John Field and Lauri Reesor of Hicks Morley in Toronto, who were counsel for Navistar on the case, contended three significant decisions handed down by the Supreme Court of Canada determined that the courts had no jurisdiction in the matter.

“There’s a clear line of authority that he (Justice Gates) had to follow that holds that where the union is in place its certification still exists and it hasn’t abandoned its bargaining rights,” said Field. “There is no concurrent jurisdiction. There is an exclusive jurisdiction governed by the Labour Relations Act and the body that enforces that act is the OLRB.”

Field said the ruling is significant because it confirms that when the union continues to be the bargaining agent for workers, there’s no individual bargaining with the employees.

Union disappointed with ruling

The union, predictably, is disappointed at the judge’s ruling and intends to appeal the decision, said Lewis Gottheil, the CAW staff lawyer who represented the Navistar employees.

“Our view was that when there’s no collective agreement, a worker has an option to go to court,” he said. “The employer argued that all of this was a collective bargaining issue and there was no cause for action by the courts because there’s no individual contracts.”

Gottheil said unionized workplaces shouldn’t fret about the decision because the Navistar situation was unique, and the plant closed while there was no agreement in place.

“A lot of times what happens is that the agreement expires and then somebody goes out on strike or gets locked out and then there’s a closure,” he said. “This is different. To that degree, it doesn’t have broad applications but the principles of law are still important.”

Despite the ruling, Gottheil said the battle is not over.

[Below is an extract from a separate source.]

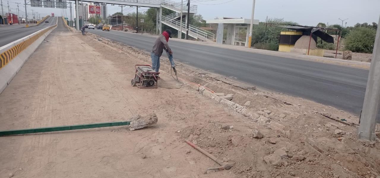9 Octubre 2023; Torreón, Coahuila.- Con la finalidad de mejorar la conectividad en la autopista Torreón – San Pedro, la Dirección de Obras Públicas implementa acciones para adecuar la circulación en el puente del ejido La Concha, dichos trabajos presentan actualmente un 65 por ciento de avance.

“We believe we do have the ability to appeal,” he said. “We are looking at it (the judge’s ruling) carefully and we’re looking at what the grounds of appeal may be.”

Navistar, meanwhile, intends to oppose any appeal.

“Our position is they can seek to appeal but the decision is correct,” said lawyer Field. “There is no proposed class action right now because the action’s been dismissed.”

Grant Cameron is a Toronto-based freelance writer.